Brief: Since pictures do not belong in the copy, please repeat every record below exactly without them.

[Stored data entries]
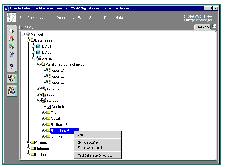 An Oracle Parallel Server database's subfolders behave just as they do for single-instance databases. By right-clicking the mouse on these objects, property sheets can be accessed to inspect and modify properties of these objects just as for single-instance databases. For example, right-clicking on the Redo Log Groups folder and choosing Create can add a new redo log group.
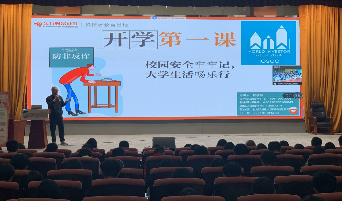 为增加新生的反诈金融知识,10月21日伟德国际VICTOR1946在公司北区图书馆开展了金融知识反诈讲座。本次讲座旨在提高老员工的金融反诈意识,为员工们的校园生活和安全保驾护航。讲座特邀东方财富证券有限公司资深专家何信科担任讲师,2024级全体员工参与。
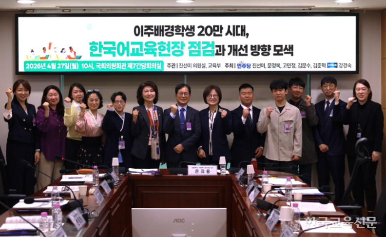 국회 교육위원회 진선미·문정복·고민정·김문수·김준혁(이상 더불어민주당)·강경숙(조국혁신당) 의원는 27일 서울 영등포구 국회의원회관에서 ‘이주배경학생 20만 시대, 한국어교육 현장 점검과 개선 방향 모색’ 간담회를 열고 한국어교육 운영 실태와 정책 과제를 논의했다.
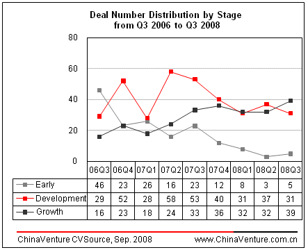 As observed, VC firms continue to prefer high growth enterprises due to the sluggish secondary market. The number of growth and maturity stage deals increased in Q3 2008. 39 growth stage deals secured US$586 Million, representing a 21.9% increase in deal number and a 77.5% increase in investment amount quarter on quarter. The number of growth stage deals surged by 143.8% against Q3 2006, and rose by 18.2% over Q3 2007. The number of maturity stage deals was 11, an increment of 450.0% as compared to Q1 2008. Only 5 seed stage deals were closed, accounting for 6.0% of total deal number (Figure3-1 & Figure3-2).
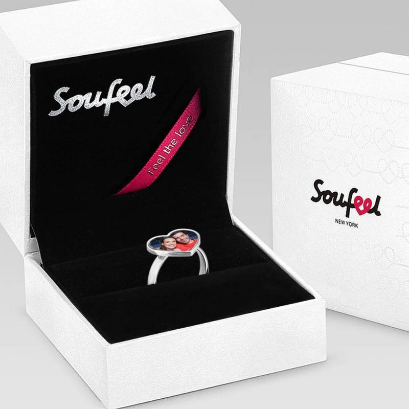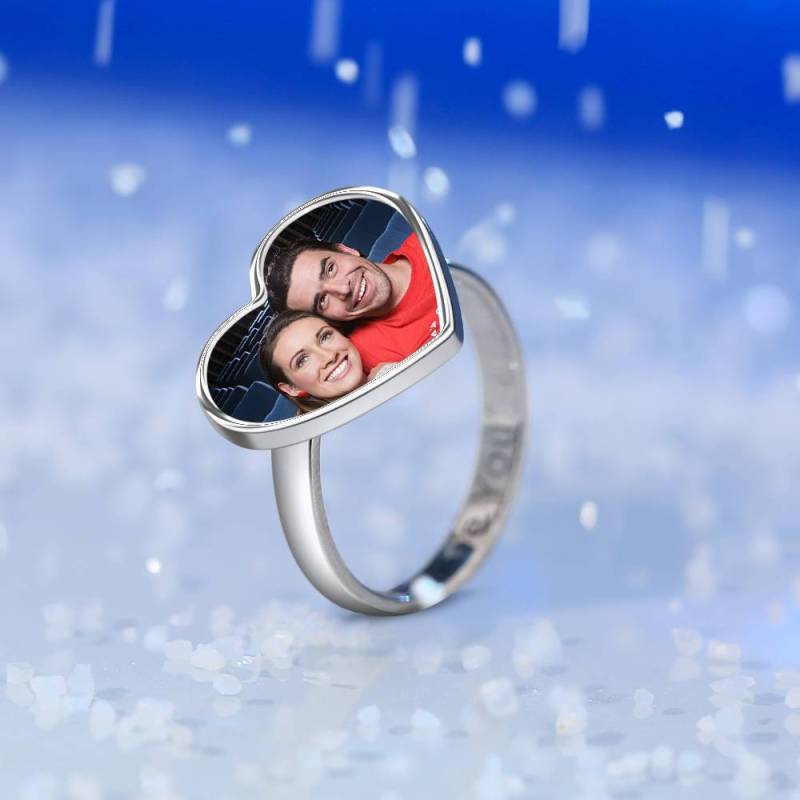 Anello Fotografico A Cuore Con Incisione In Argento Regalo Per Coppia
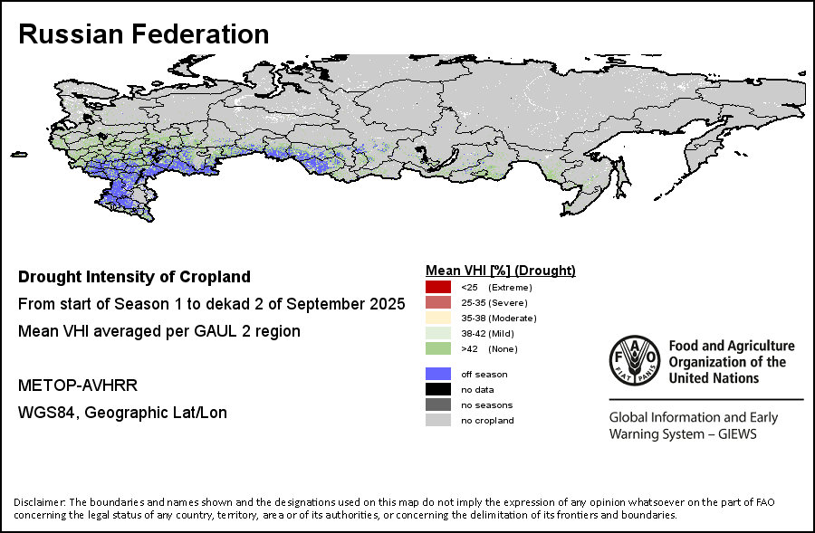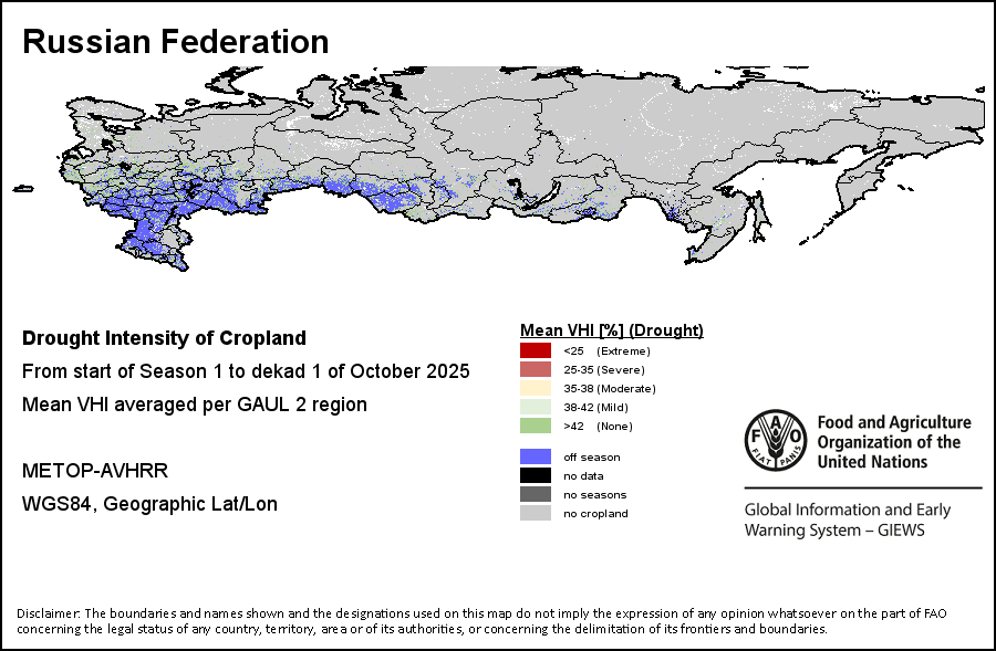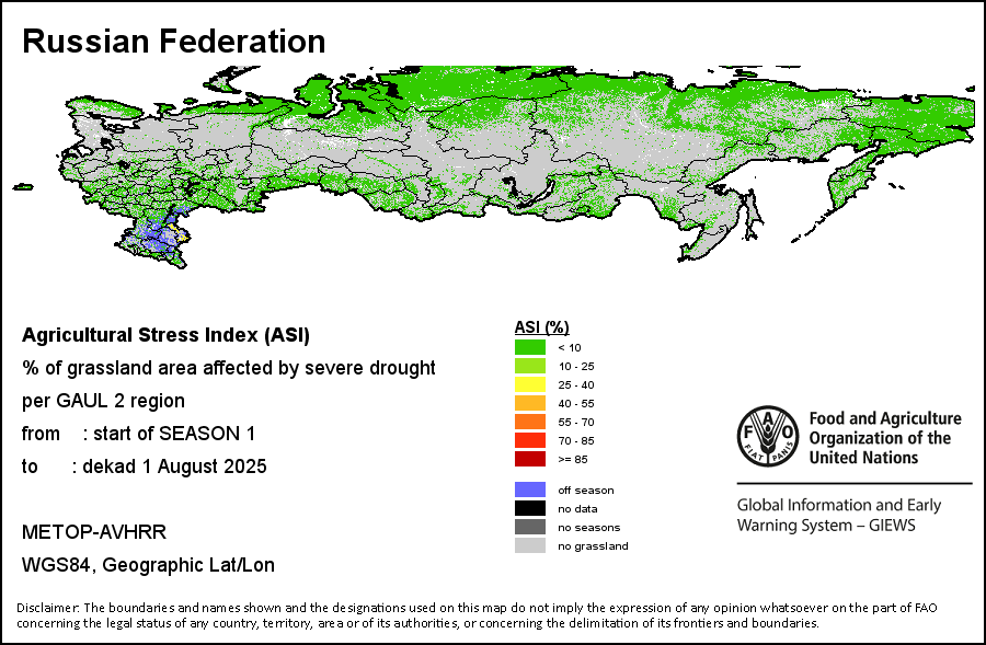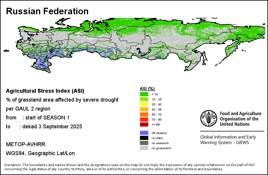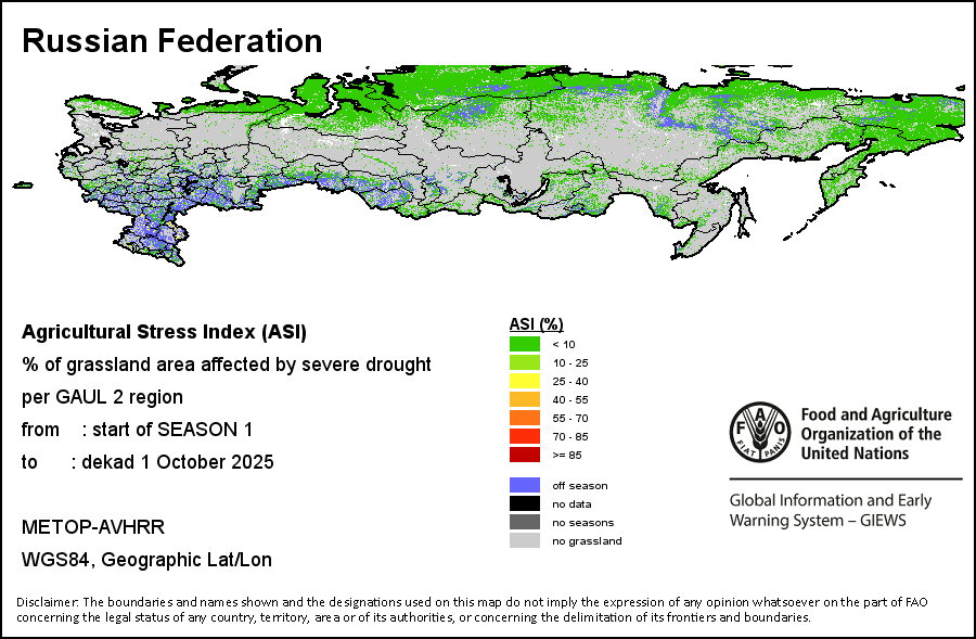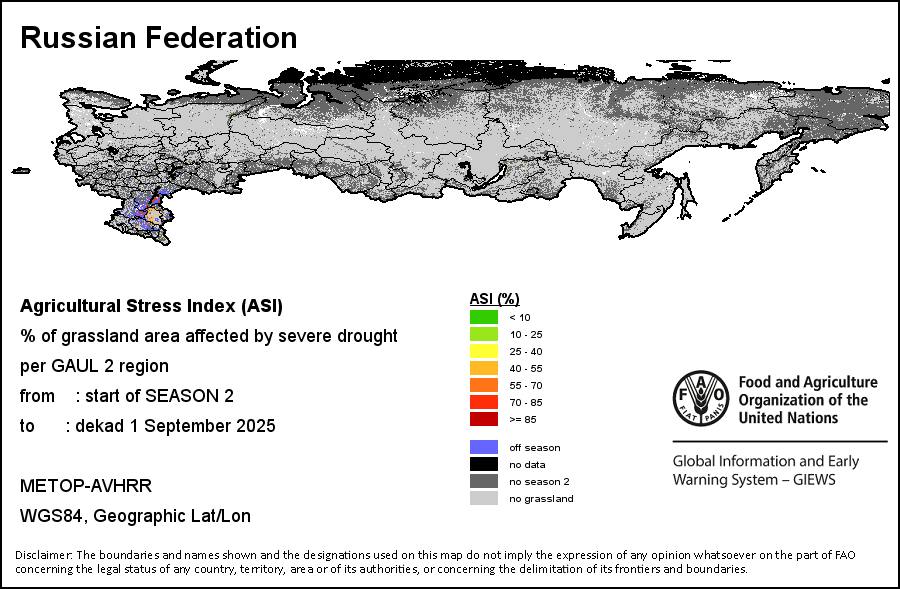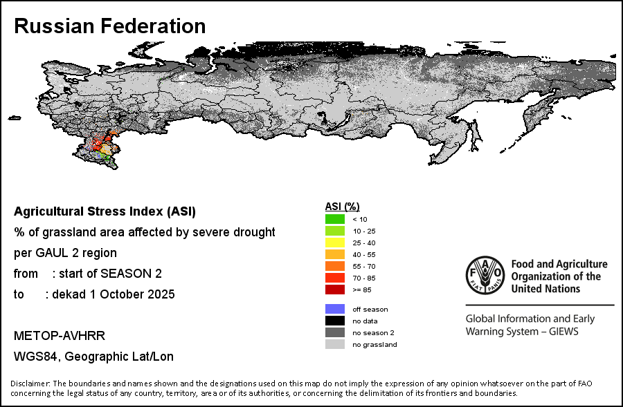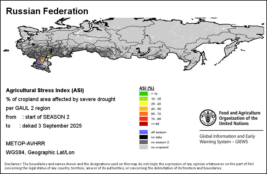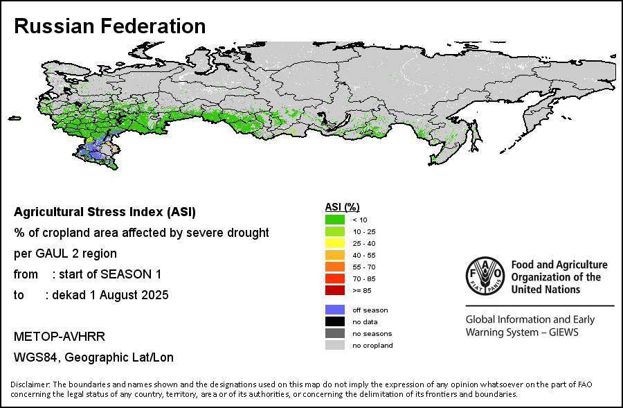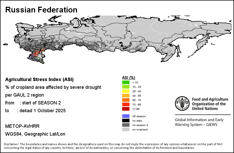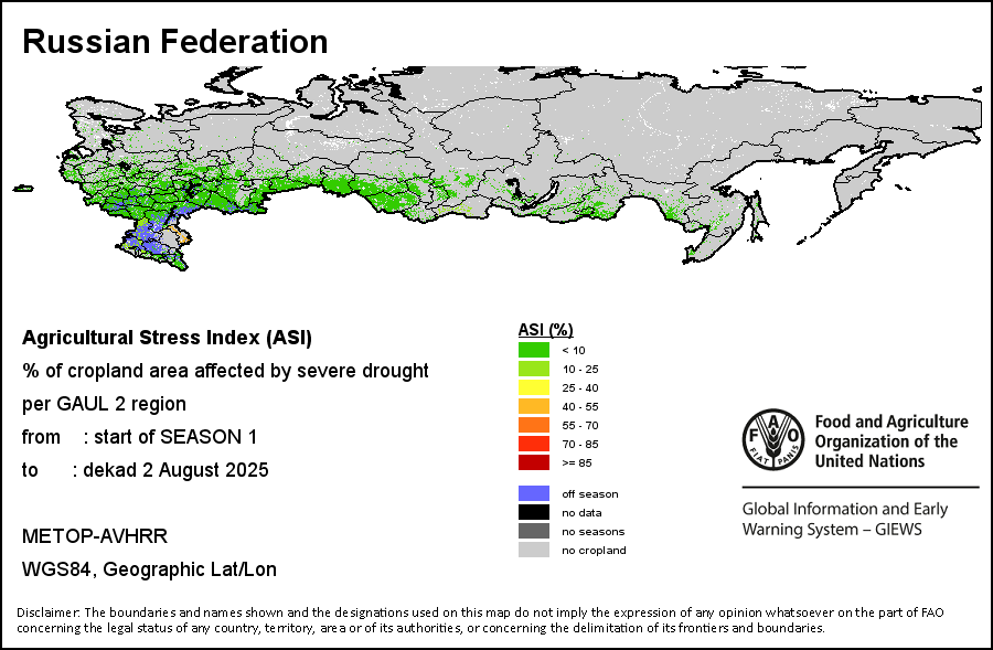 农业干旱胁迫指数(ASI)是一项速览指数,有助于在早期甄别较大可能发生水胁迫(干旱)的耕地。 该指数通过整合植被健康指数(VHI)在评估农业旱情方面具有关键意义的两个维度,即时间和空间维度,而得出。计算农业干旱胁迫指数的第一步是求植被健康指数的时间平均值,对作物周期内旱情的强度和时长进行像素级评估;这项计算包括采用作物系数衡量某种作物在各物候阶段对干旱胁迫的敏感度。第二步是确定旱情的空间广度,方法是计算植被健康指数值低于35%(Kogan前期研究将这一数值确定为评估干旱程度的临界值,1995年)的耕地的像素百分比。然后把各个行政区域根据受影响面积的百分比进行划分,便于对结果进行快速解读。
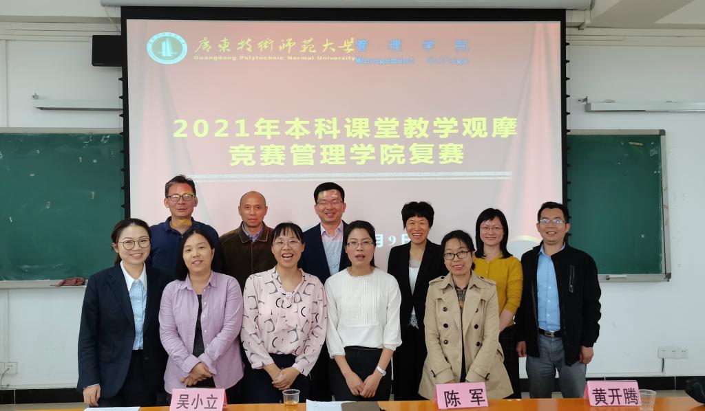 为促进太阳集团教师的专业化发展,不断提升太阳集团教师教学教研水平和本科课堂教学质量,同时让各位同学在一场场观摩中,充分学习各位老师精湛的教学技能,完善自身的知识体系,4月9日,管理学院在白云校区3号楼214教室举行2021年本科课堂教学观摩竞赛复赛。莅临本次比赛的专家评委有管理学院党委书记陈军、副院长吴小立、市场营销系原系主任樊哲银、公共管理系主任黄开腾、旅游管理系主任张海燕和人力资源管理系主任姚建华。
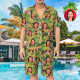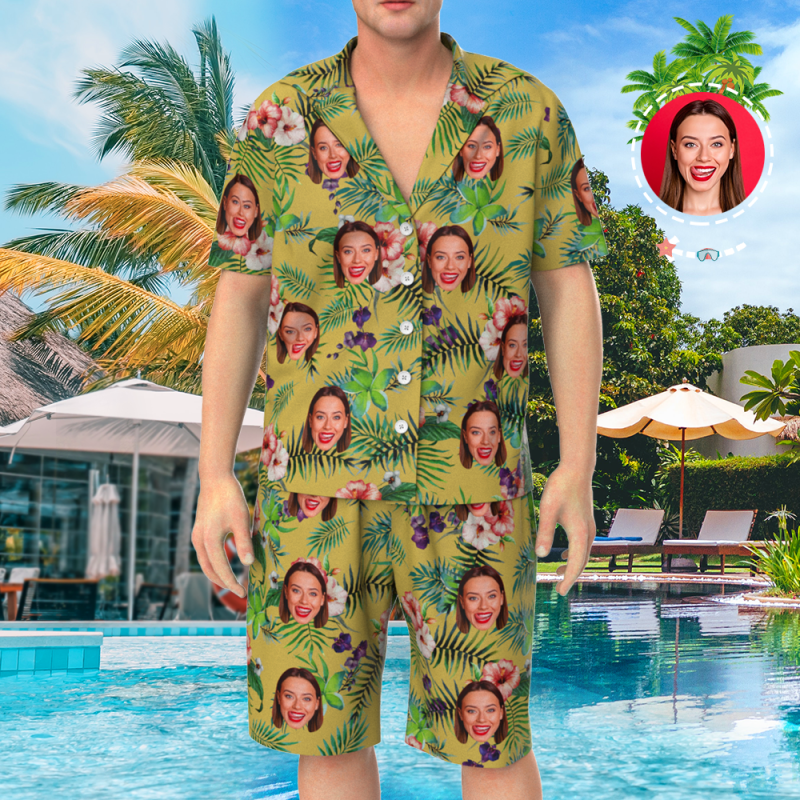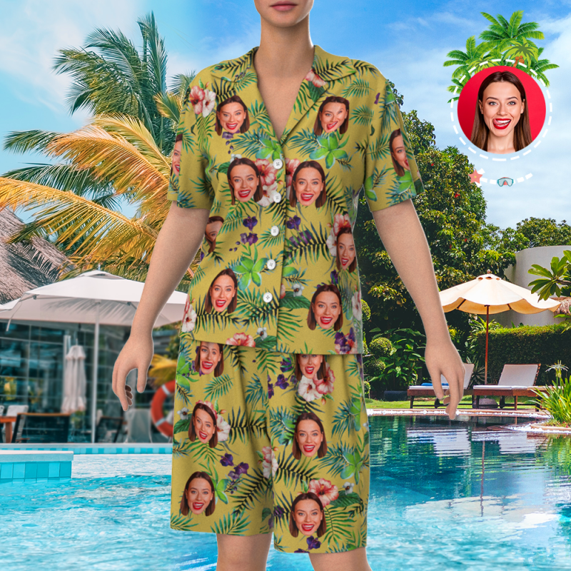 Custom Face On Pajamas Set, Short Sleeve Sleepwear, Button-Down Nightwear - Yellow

Solution for this task:
 An Oracle Parallel Server database's subfolders behave just as they do for single-instance databases. By right-clicking the mouse on these objects, property sheets can be accessed to inspect and modify properties of these objects just as for single-instance databases. For example, right-clicking on the Redo Log Groups folder and choosing Create can add a new redo log group.
 为增加新生的反诈金融知识,10月21日伟德国际VICTOR1946在公司北区图书馆开展了金融知识反诈讲座。本次讲座旨在提高老员工的金融反诈意识,为员工们的校园生活和安全保驾护航。讲座特邀东方财富证券有限公司资深专家何信科担任讲师,2024级全体员工参与。
 국회 교육위원회 진선미·문정복·고민정·김문수·김준혁(이상 더불어민주당)·강경숙(조국혁신당) 의원는 27일 서울 영등포구 국회의원회관에서 ‘이주배경학생 20만 시대, 한국어교육 현장 점검과 개선 방향 모색’ 간담회를 열고 한국어교육 운영 실태와 정책 과제를 논의했다.
 As observed, VC firms continue to prefer high growth enterprises due to the sluggish secondary market. The number of growth and maturity stage deals increased in Q3 2008. 39 growth stage deals secured US$586 Million, representing a 21.9% increase in deal number and a 77.5% increase in investment amount quarter on quarter. The number of growth stage deals surged by 143.8% against Q3 2006, and rose by 18.2% over Q3 2007. The number of maturity stage deals was 11, an increment of 450.0% as compared to Q1 2008. Only 5 seed stage deals were closed, accounting for 6.0% of total deal number (Figure3-1 & Figure3-2).
 Anello Fotografico A Cuore Con Incisione In Argento Regalo Per Coppia
 农业干旱胁迫指数(ASI)是一项速览指数,有助于在早期甄别较大可能发生水胁迫(干旱)的耕地。 该指数通过整合植被健康指数(VHI)在评估农业旱情方面具有关键意义的两个维度,即时间和空间维度,而得出。计算农业干旱胁迫指数的第一步是求植被健康指数的时间平均值,对作物周期内旱情的强度和时长进行像素级评估;这项计算包括采用作物系数衡量某种作物在各物候阶段对干旱胁迫的敏感度。第二步是确定旱情的空间广度,方法是计算植被健康指数值低于35%(Kogan前期研究将这一数值确定为评估干旱程度的临界值,1995年)的耕地的像素百分比。然后把各个行政区域根据受影响面积的百分比进行划分,便于对结果进行快速解读。
 为促进太阳集团教师的专业化发展,不断提升太阳集团教师教学教研水平和本科课堂教学质量,同时让各位同学在一场场观摩中,充分学习各位老师精湛的教学技能,完善自身的知识体系,4月9日,管理学院在白云校区3号楼214教室举行2021年本科课堂教学观摩竞赛复赛。莅临本次比赛的专家评委有管理学院党委书记陈军、副院长吴小立、市场营销系原系主任樊哲银、公共管理系主任黄开腾、旅游管理系主任张海燕和人力资源管理系主任姚建华。
 Custom Face On Pajamas Set, Short Sleeve Sleepwear, Button-Down Nightwear - Yellow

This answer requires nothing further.